We then use this function to calculate the weights:

ebmtcal$ipcw_fp <- calc_weights_flexsurv(data_ms = msebmtcal, 
                                data_raw = ebmtcal, 
                                covs = c("year", "agecl", "proph", "match"), 
                                t = t_eval, s = 0, j = 1, 
                                max_follow = t_eval)$ipcw

We can view the distribution of these weights:

ebmtcal |>
  ggplot(aes(ipcw_fp)) + geom_histogram()

## `stat_bin()` using `bins = 30`. Pick better value with `binwidth`.

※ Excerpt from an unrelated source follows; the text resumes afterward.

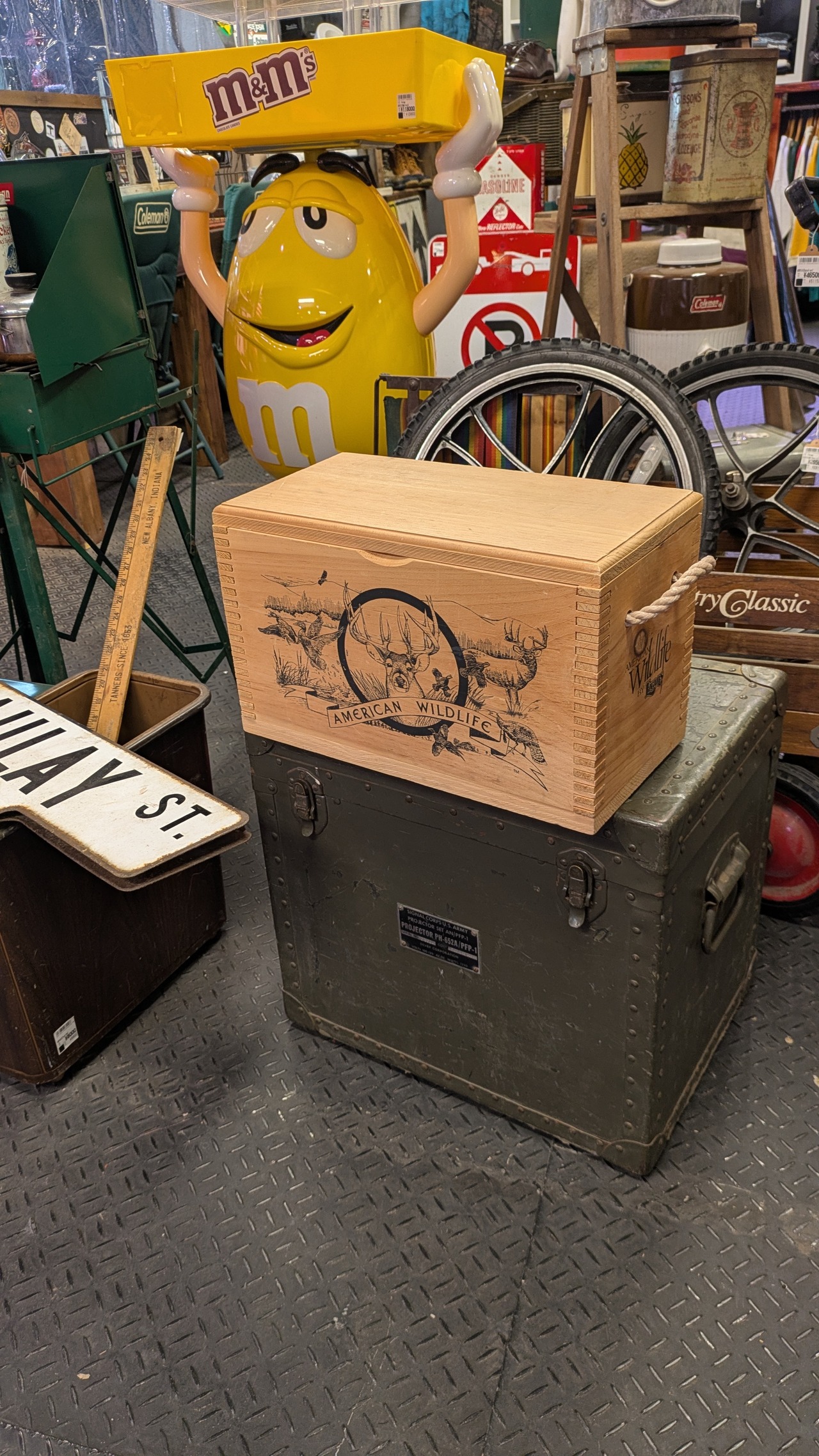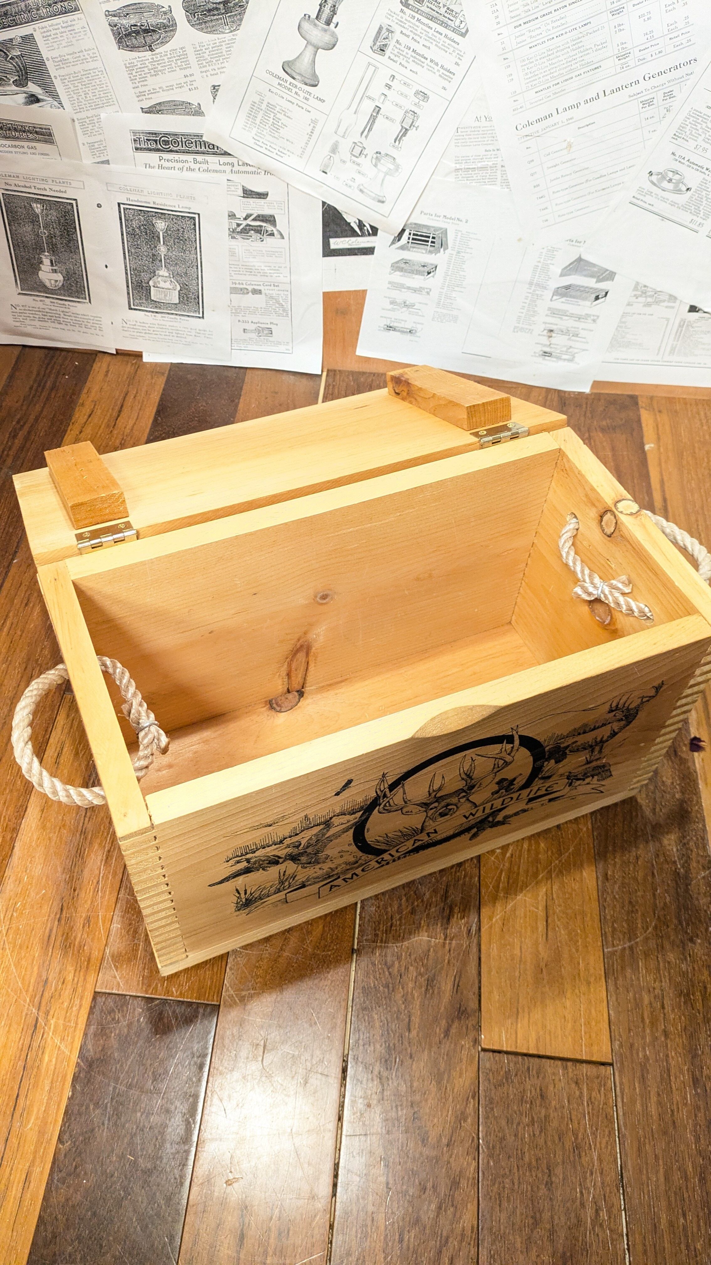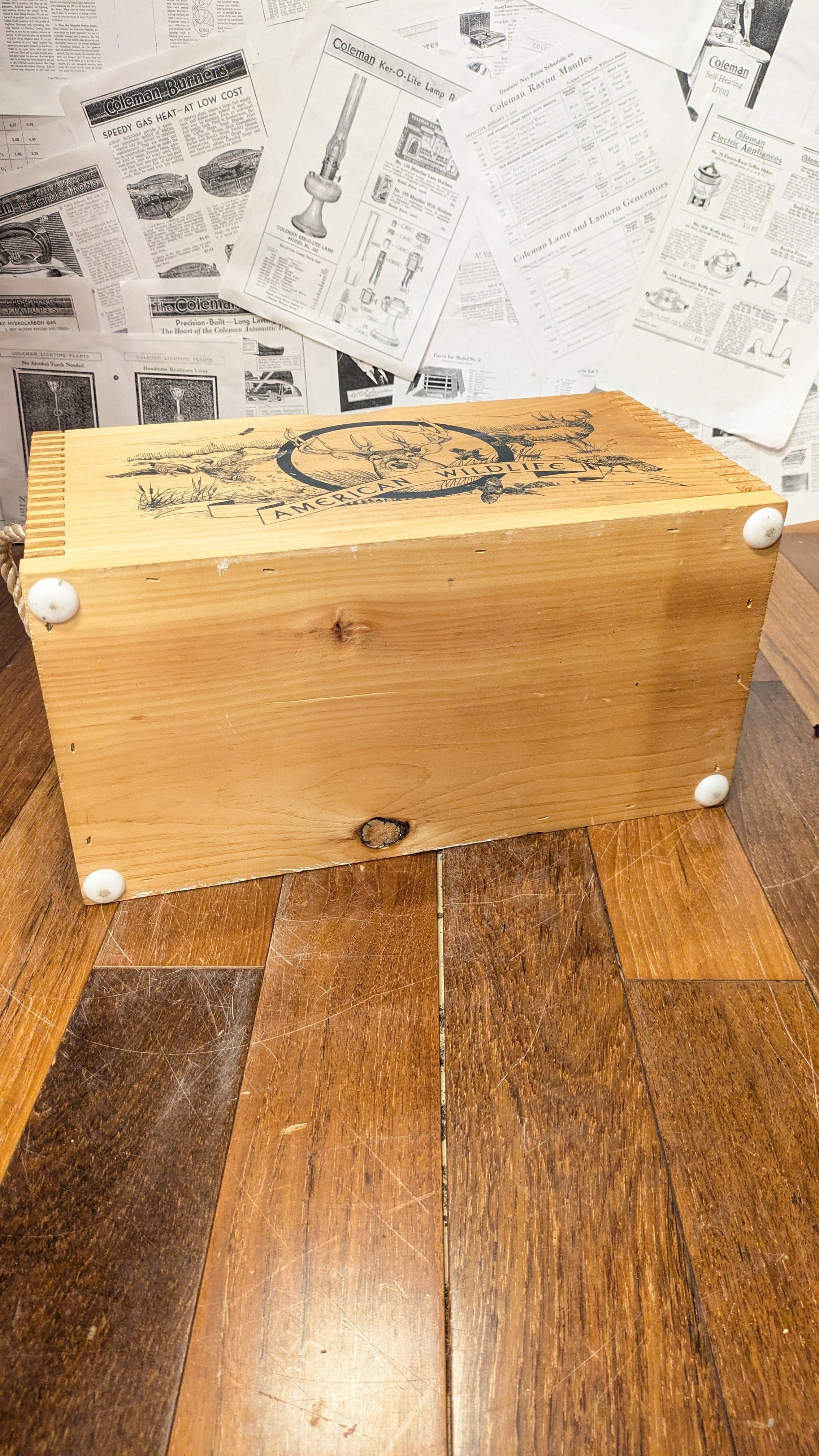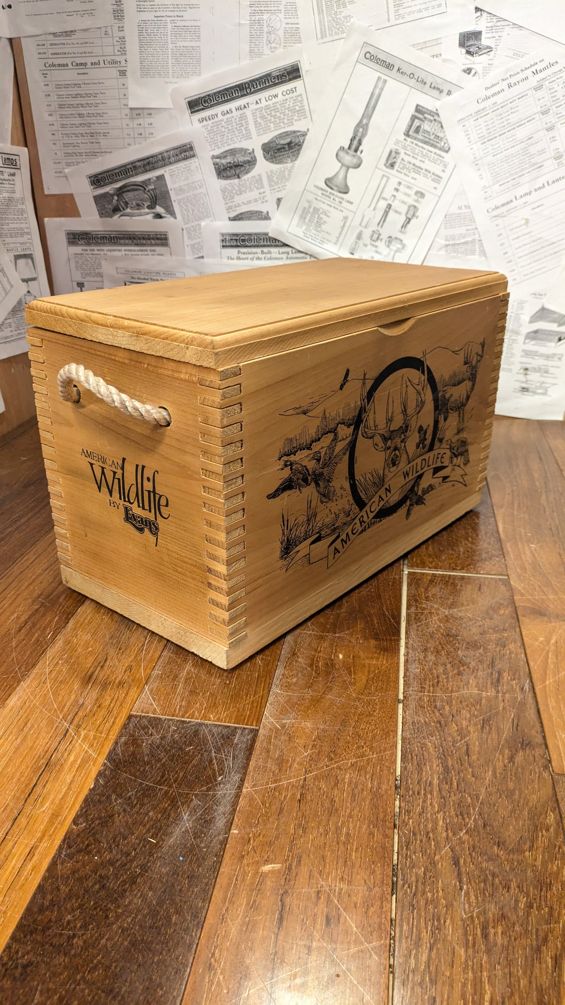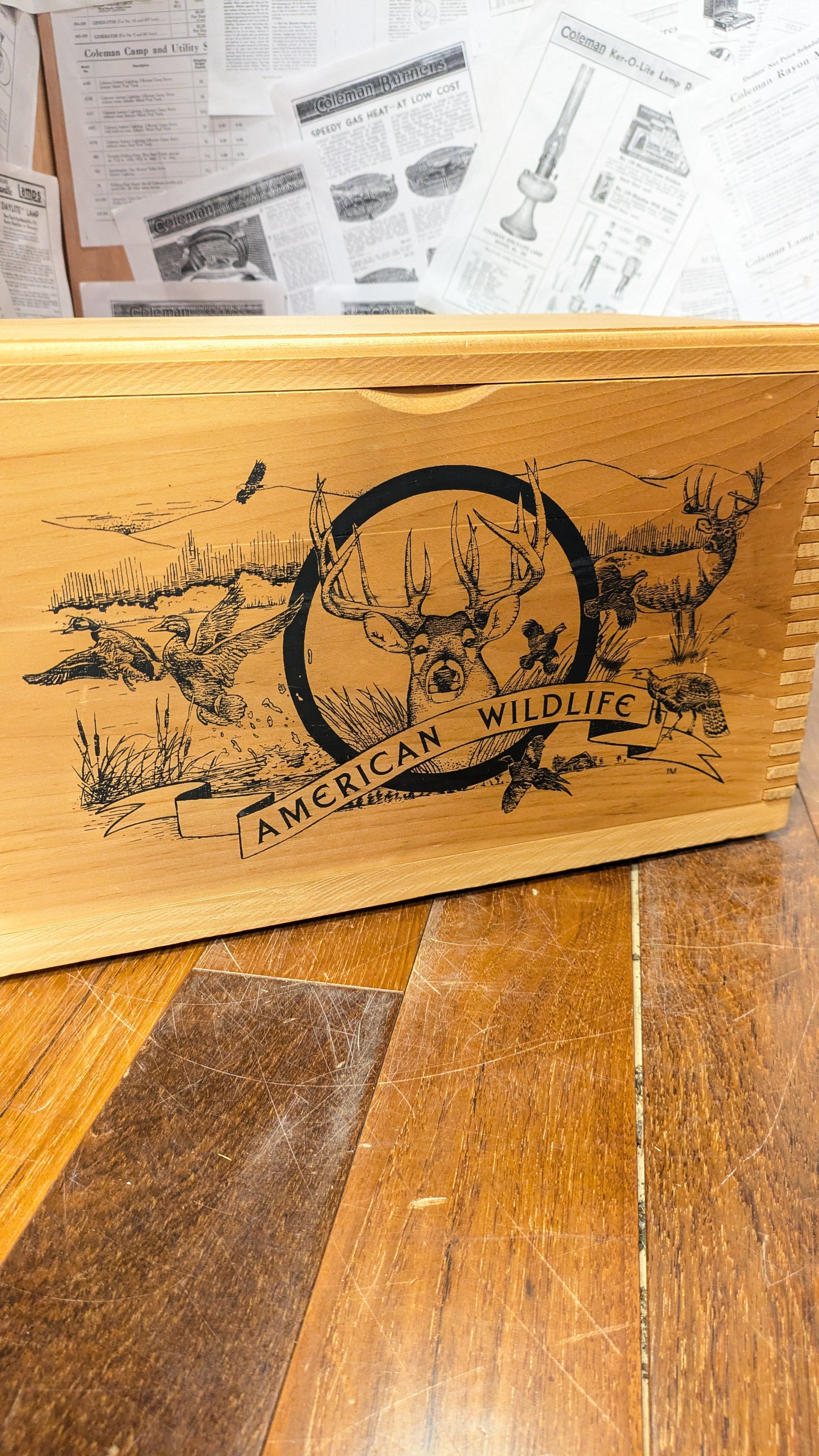 Vintage EVANS AmericanWildLife Wood Box ビンテージ ウッドボックス 木製 木箱 収納ボックス ギアボックス キャンプギア クレート アンティーク 蓋付き

## Warning: Removed 501 rows containing non-finite outside the scale range
## (`stat_bin()`).

We see there is very little difference compared to when the weights were estimated using the cox-proportional hazards model.

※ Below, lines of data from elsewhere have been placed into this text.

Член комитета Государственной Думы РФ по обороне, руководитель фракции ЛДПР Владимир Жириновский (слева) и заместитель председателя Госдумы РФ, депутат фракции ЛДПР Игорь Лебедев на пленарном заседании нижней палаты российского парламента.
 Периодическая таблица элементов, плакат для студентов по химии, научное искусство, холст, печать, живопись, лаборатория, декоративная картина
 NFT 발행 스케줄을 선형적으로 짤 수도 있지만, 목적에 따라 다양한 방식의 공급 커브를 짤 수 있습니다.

Next we use this function to estimate the calibration curves. This is implemented as the input to argument w_function in calib_msm. The function calc_weights_flexsurv also has an extra argument (covs_tv) compared to the default function for estimating the weights (calc_weights). This variable is used to specify the variables which are modelled as time-varying coefficients (time-varying hazard ratio), wherein the coefficient is modelled as a spline term (function uses 3 degrees of freedom) as described in Royston and Parmar (2002). This variable should also be specified when running calib_msm. For comparison, we plot the calibration curves using the default internal approach (cox proportional hazards). First estimate the calibration curves:

### Define predicted transition probabilities out of state j = 1 at time s = 0
tp_pred_s0 <- tps0 |>
  dplyr::filter(j == 1) |>
  dplyr::select(any_of(paste("pstate", 1:6, sep = "")))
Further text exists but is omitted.